Many aquatic or semi-aquatic plants depend on wind to transfer pollen to the female reproductive structures. Especially under conditions distant from land, using wind as a means of pollen dispersal can be extremely advantageous. In fact, being distant from land tends to reduce the types and number of animals that can visit the flowers of aquatic plants. By depending more heavily on wind, these plants usually display light and abundant pollen that can be readily blown away and potentially deposited on the stigma of the female counterparts. A global evaluation of this indicated that about a third of all aquatic plants in the world are wind-pollinated.

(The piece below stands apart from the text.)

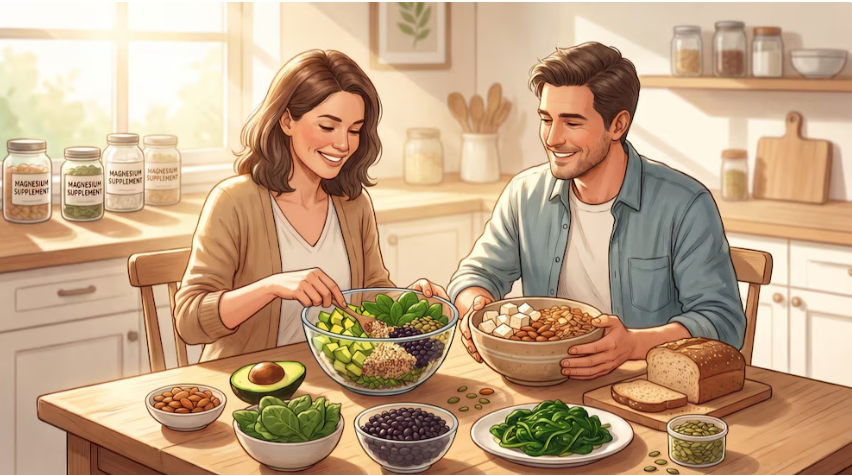 La buena noticia es que su corrección suele ser accesible a través de la alimentación. Alimentos como semillas, frutos secos, legumbres y vegetales de hoja verde destacan por su alto contenido. Por ejemplo, una porción de semillas de calabaza puede aportar cerca del 40% del requerimiento diario en adultos, lo que las convierte en una de las fuentes más concentradas .

small leaves on the surface of water - watershield plants — Watershields are very common wind-pollinated aquatics from our region. These plants display their small flowers well above water, first exposing their stigmas and the next day releasing pollen into the air. Photos: S. Elliott, S. Osborne (CC)

a red flower protruding from the surface of the water — Watershields are very common wind-pollinated aquatics from our region. These plants display their small flowers well above water, first exposing their stigmas and the next day releasing pollen into the air. Photos: S. Elliott, S. Osborne (CC)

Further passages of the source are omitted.